Hi Candi, thanks for the response. I'll certainly try this. I've been using B6 in the past, but wasn't very diligent in keeping up with it.
Seizures are under control, my last seizure was in 2003. My first seizure was about 10 years before that when I was 14. Good news is that it led to a CT scan and they discovered a brain tumor. Brain tumor was removed shortly afterwards, but I was instructed to stay on meds for the next 5 years.
Started with tegretol, but it turned me into a zombie. Quickly changed over to Dilantin, but found it made me "cognitively dull". After no seizures, I weaned myself off the medication in 1999, when I went away to University. Had a seizure in 2003, and went back on Dilantin.
I learned about Keppra and changed over about a year ago. I regained my "quick wit". Appear to be some side effects from what I'm seeing though.View Thread
I have these moments when I turn into a complete A-hole. I'm normally in a grumpy/surly mood, but for no reason that I can identify. I have good job, drive a nice car, have a big house and a really great wife. These moments are followed but a brief period of lucidity, where I feel somewhat guilty, confused, remorseful and in disbelief at how nasty I can be. Guilty because I start fights with my wife over the stupidest things (I think I'm looking for confrontation). Confused because my behavior is completely at odds at what I want to accomplish (example, I love my wife, but my behaviour is making her consider leaving me. She hasn't said this, but if I was in her shoes I would be thinking the same thing).

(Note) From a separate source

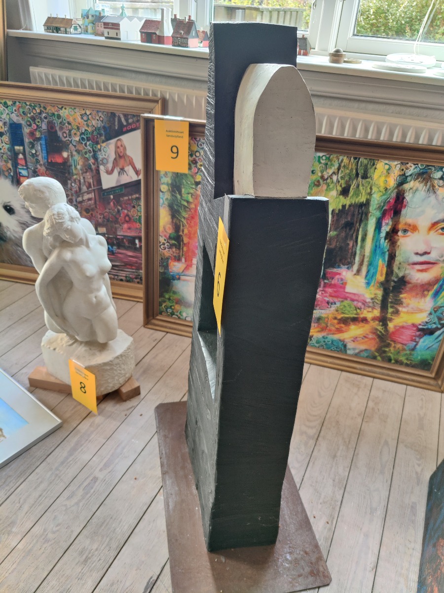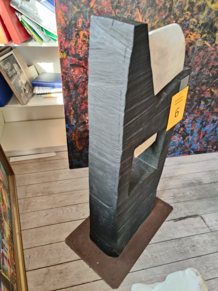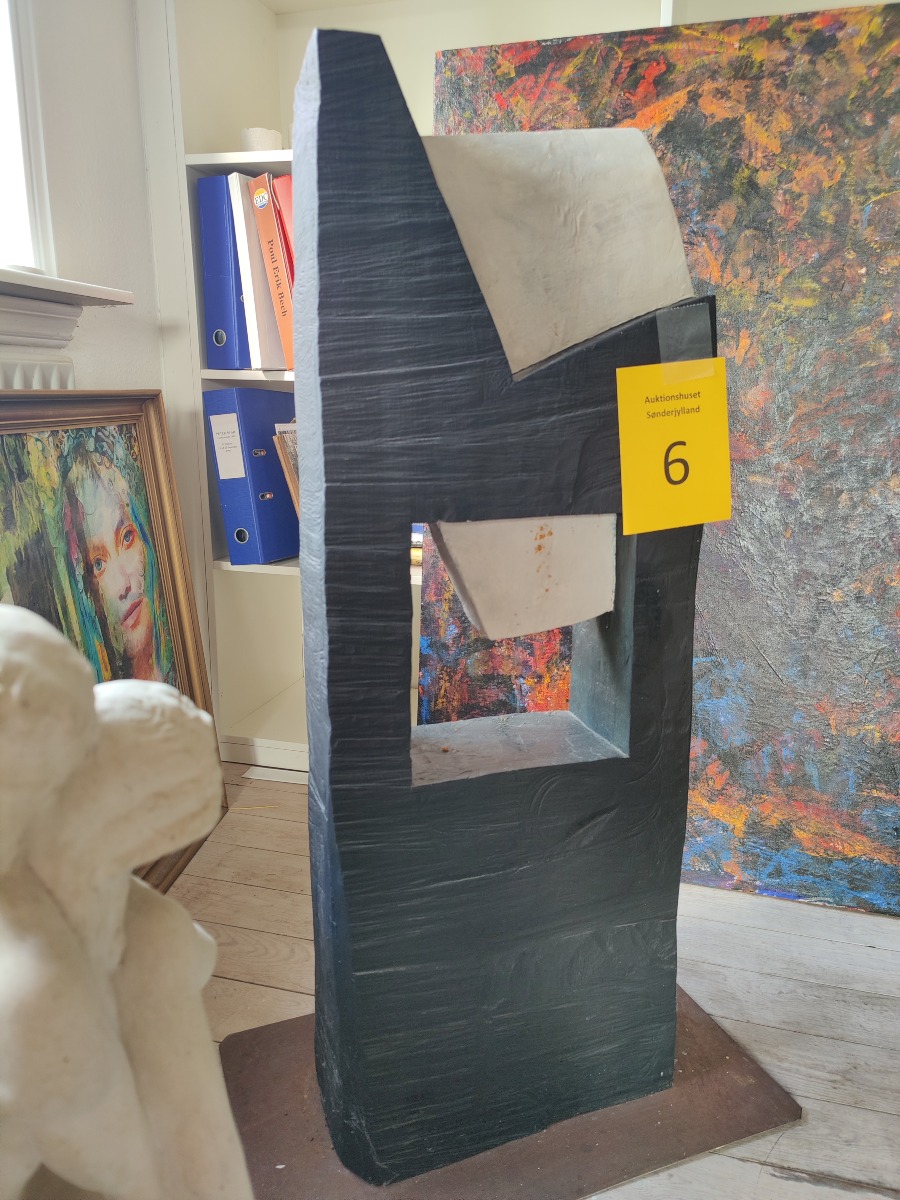Ubk. kunstner skulptur af træ, bemalet i sort og hvid. Monteret på jernplade. 100x40x14 cm.

I'm fairly introverted, so I've been moody in the past, but it usually just means I need time alone to recharge. At the risk of confusion "enhanced introversion" with KeppraRage, I wanted to send this out there to see if I can get any feedback.
Parents/friends/spouses seem really good about reaching out for help. But I haven't read many posts from people who are actually taking it. Perhaps it's because it's difficult to come to terms with this type of behaviour problem, because it means admitting that you have a behavior problem and that the rest of the world isn't stupid.
I'm hoping to catch the attention of someone who uses Keppra, introverted and confused about their extreme moodiness or behaviour.
It's tough to admit that maybe I'm just a jerk, but I haven't always been this way, and I don't want to go through life being this way. I'm accomplished professionally and academically, but I can't seem to control this moodiness.